アンドレ・レマニスヘッドコーチ(HC)は「(勝てている要因は)自分たちだけではなくて、対戦相手がいることなので複雑ではあるのですが、まずは選手層が厚いということ。けが人が出たとしても、今も長期離脱しているメンバーもいますが、(他のメンバーで)カバーをしっかりできていること」が好調の要因だと話す。第1戦では残り1分18秒で出場した鶴田美勇士と特別指定選手の黒川虎徹を除く出場した全選手が得点するなど、指揮官のコメント通りの層の厚さを見せつけていた。
「今シーズンもしっかり(ディフェンスに)フォーカスをしていきたいっていう話をしていたところを、かなり自分たちのやりたいスタイルに近づけているのではないかと思っています」(レマニスHC)とのコメントの通り、昨季は7位だったDrtgも今季は1位にまで改善している。それに加え、「ポイント・パー・ポゼッション(PPP :得点効率)に関してはおそらく長らくB2の中で1位を取っています。やはりディフェンスを基盤にできる、そこを信頼してプレーできるということは非常に大事なことだと思っています」と堅守を自信に質の高いオフェンスも展開しており、攻守で隙がない驚異的なチームに仕上がっているといえる。
「あとは、ラッキーだったということもたくさんあって、越谷戦や滋賀戦などで最後の最後にギリギリで得点を決めて逆転できたりとか、そういった場面もありました。あとは外国籍選手の長期離脱のけが人が今のところいないことも含めてそういうものはラッキーだった、運が良かったということもあると思います」(レマニスHC)と語る通り、主力選手が健康に過ごせていることも大きいようだ。
リーグ最多のターンオーバー数も「自分たちのバスケットを」
レマニスHCも語ったように様々な面で好調なA千葉だが、1点、リーグ最下位の項目がある。それが、ターンオーバー数だ。現在のA千葉の平均ターンオーバー数は14.3。ターンオーバーとはつまり、対戦相手にボールが渡り、相手の攻撃機会を増やしてしまうとこと。自チームのターンオーバー数を低く抑えられれば、それは相手の攻撃回数を減らすことに等しい。

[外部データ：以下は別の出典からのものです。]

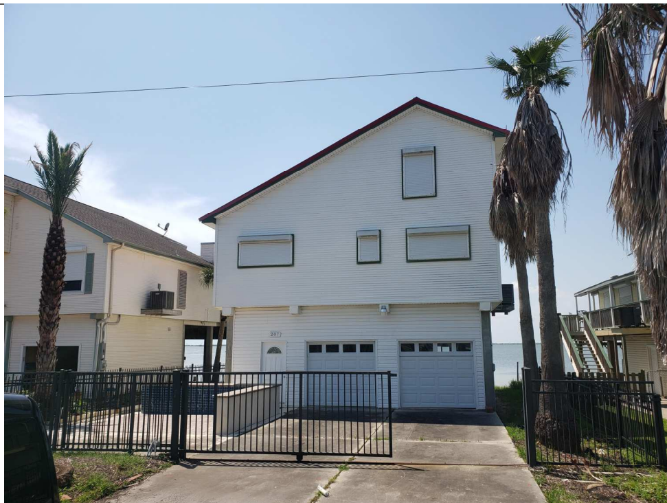
Photo One Caption FRONT VIEW

If using the Elevation Certificate to obtain NFIP flood insurance, affix at least 2 building photographs below according to the instructions for Item A6. Identify all photographs with date taken; "Front View" and "Rear View"; and, if required, "Right Side View" and "Left Side View." When applicable, photographs must show the foundation with representative examples of the flood openings or vents, as indicated in Section A8. If submitting more photographs than will fit on this page, use the Continuation Page.

これだけ圧倒的なパフォーマンスを見せているチームが、なぜターンオーバーを多発させてしまうのか。レマニスHCはチームが追い求めるスタイルゆえの代償だと説明する。
「自分たちのやりたいバスケットのペースが非常に速いので、どうしてもそれを続けようとすると判断スピードが早まってしまう。そこでターンオーバーが重なってしまうのは仕方ないのかなと思っています。あとは、新加入選手が特にプレータイムが長くなったりなどもあるのですが、そういった選手は自分たちのシステムに慣れるまで時間がかかったりとか、そういったことからターンオーバーが重なることもあると思うので、今後もターンオーバーがどこからあの来ているのかっていうのは分析しつつ、ペースを崩さずに自分たちのバスケットをやっていきたいです」
指揮官の言う通り、度重なるターンオーバーはA千葉のアグレッシブな攻守の代価となっているが「リスキーなプレー、例えばジャンプしながらパスとかそういった難しい判断になってしまうようなプレーはちょっとずつ取り除きつつ、バスケットを続けていきたいと思います」と持ち味を維持しつつ、改善へ取り組んでいくことを明かした。

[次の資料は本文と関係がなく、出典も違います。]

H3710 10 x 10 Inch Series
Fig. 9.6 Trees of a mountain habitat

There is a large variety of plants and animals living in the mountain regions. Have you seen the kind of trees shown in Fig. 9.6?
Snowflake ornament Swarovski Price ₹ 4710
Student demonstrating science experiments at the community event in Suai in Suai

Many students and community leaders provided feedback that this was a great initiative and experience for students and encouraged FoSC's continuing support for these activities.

226cmのチュアンシン・リュウ加入がさらなる武器に
シーズン途中の11月24日には中国籍のチュアンシン・リュウの加入が発表され、話題となった。226cmと規格外のサイズを持つリュウはここまで19試合に出場し、平均7分強の出場で3.7得点、2.8リバウンドを記録。また、アジア枠選手として登録することにより、外国籍選手とともに出場することもでき、ラインナップによっては平均身長約205cmという驚異的なビッグラインナップを組むことも可能になった。リュウについてのレマニスHCからの評価は高い。

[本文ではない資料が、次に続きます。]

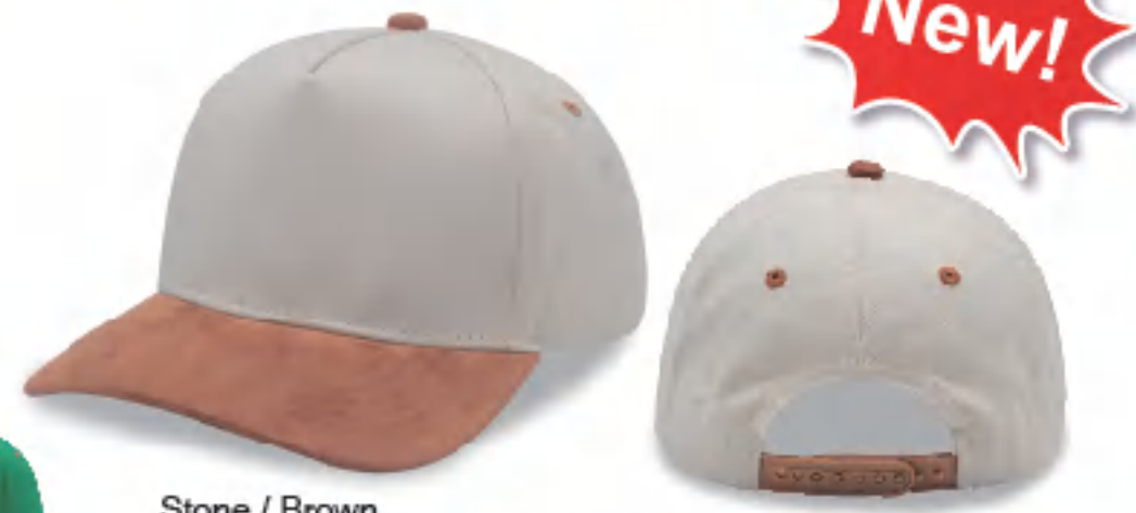
Stone / Brown

「現時点ではチームに非常にフィットしていて、素晴らしくやってくれているなと思います。まず、人として本当に素晴らしい人で、チームのことを1番に考えてくれていますし、努力を怠らずにやってくれています」
まだ24歳と若く、伸び代があるリュウのポテンシャルにについて指揮官はこう話す。
「まずは、彼のポテンシャルを何とか全員で引き出していく必要があり、その過程にあります。我々のスタイルがシーズンの最初からオフェンスもディフェンスもスピードのあるプレースタイルで、そこにリュウ選手のスキルをどういうふうに融合させていくのかは、まだまだチームとしても成長過程にあると思っています。彼のポテンシャルを発揮する方法を全員で考えていかないといけないのですが、彼がコート上にいるときに非常に効果的にチームが動く場合もあれば、あまりうまくいかないときもあり、対戦相手次第でもあると思うので、まだまだここからシーズンもあと半分残っているので、そこで全員でその過程を成長できるように進めていければと思っています」
レギュラーシーズンも半分を折り返し、ここまで絶好調のA千葉。昨シーズンはプレーオフ準決勝で長崎ヴェルカに敗退し、B1昇格を逃した。その悔しさをバネに、レマニスHCがつくるアグレッシブでアップテンポなスタイルでここまで快進撃を続けている。ターンオーバー数の改善やリュウのフィットなど、まだまだ成長の伸びしろを残しているアルティーリ千葉。昨年のリベンジ、そしてB1昇格へ後半戦も突き進む。